[Python-ideas] Why is design-by-contracts not widely adopted?

Chris Angelico rosuav at gmail.com
Wed Sep 26 03:18:00 EDT 2018


On Wed, Sep 26, 2018 at 5:10 PM Marko Ristin-Kaufmann
<marko.ristin at gmail.com> wrote:
> The original objection was that DbC in general is not beneficial; not that there are lacking tools for it (this probably got lost in the many messages on this thread). If you assume that there are no suitable tools for DbC, then yes, DbC is certainly not beneficial to any project since using it will be clumsy and difficult. It's a chicken-and-egg problem, so we need to assume that there are good tools for DbC in order for it to be beneficial.
>
>> Disagreed. I would most certainly NOT assume that every reader knows
>> any particular syntax for such contracts. However, this is a weaker
>> point.
>
>
> The contracts are written as boolean expressions. While I agree that many programmers have a hard time with boolean expressions and quantifiers, I don't see this as a blocker to DbC. There is no other special syntax for DbC unless we decide to add it to the core language (which I don't see as probable). What I would like to have is a standard library so that inter-library interactions based on contracts are possible and an ecosystem could emerge around it.
>

It's easy to say that they're boolean expressions. But that's like
saying that unit tests are just a bunch of boolean expressions too.
Why do we have lots of different forms of test, rather than just a big
fat "assert this and this and this and this and this and this"?
Because the key to unit testing is not "boolean expressions", it's a
language that can usefully describe what it is we're testing.
Contracts aren't just boolean expressions - they're a language (or a
mini-language) that lets you define WHAT the contract entails.

>> You might argue that a large proportion of PyPI projects will be
>> "library-style" packages, where the main purpose is to export a bunch
>> of functions. But even then, I'm not certain that they'd all benefit
>> from DbC.
>
>
> Thanks for this clarification (and the download-yt example)! I actually only had packages-as-libraries in mind, not the executable scripts; my mistake. So, yes, "any Pypi package" should be reformulated to "any library on Pypi" (meant to be used by a wider audience than the developers themselves).
>

Okay. Even with that qualification, though, I still think that not
every library will benefit from this. For example, matplotlib's
plt.show() method guarantees that... a plot will be shown, and the
user will have dismissed it, before it returns. Unless you're inside
Jupyter/iPython, in which case it's different. Or if you're in certain
other environments, in which case it's different again. How do you
define the contract for something that is fundamentally interactive?

You can define very weak contracts. For instance, input() guarantees
that its return value is a string. Great! DbC doing the job of type
annotations. Can you guarantee anything else about that string? Is
there anything else useful that can be spelled easily?
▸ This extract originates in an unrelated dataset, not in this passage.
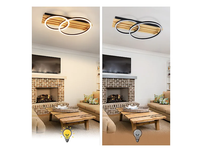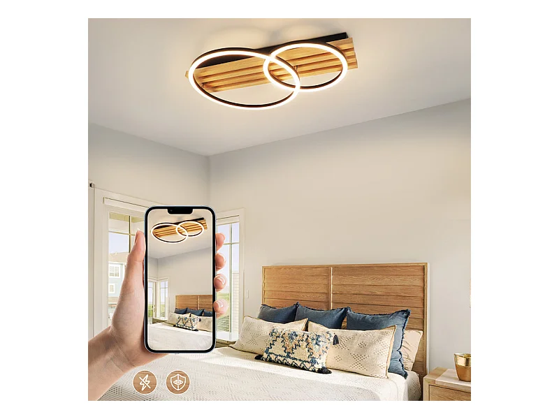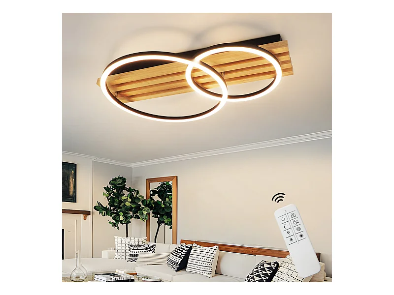 NETTLIFE Plafonnier led en intensité variable : 55 cm, plafonnier moderne à 2 anneaux, 36 w, design avec télécommande, pour chambre à coucher,
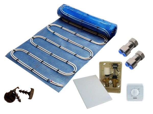 Die Heizung basiert auf einem nach DIN sauerstoffdichten Rohrsystem aus Polybutylen (PB), einem hochwertigen, unverrottbaren Kunststoff. Die Rohre haben einen Durchmesser von 8mm und sind parallel in Mäanderform auf einer 80cm breiten Gewebe-Gittermatte vorverlegt.Größere Flächen erhält man durch die Kombination mehrerer Matten. Die Heizungsrohre einer oder mehrerer Matte(n) werden mittels eines entsprechenden Verteilerfingers an Vor- und Rücklauf (meist parallel zu dem nächstgelegenen Heizkörper) angeschlossen. Die Wassertemperatur des Systems wird über ein Rücklauftemperaturbegrenzer-Ventil (RTL) mit integriertem Fühler im Rücklauf geregelt.

> I totally agree. The discussion related to DbC in my mind always revolved around these use cases where type annotations are beneficial as well. Thanks for pointing that out and I'd like to apologize for the confusion! For the future discussion, let's focus on these use cases and please do ignore the rest. I'd still say that there is a plethora of libraries published on Pypi (Is there a way to find out the stats?).
>

Ugh.... I would love to say "yes", but I can't. I guess maybe you
could look at a bunch of requirements.txt files and see which things
get dragged in that way? All you'll really get is heuristics at best,
and even that, I don't know how to provide. Sorry.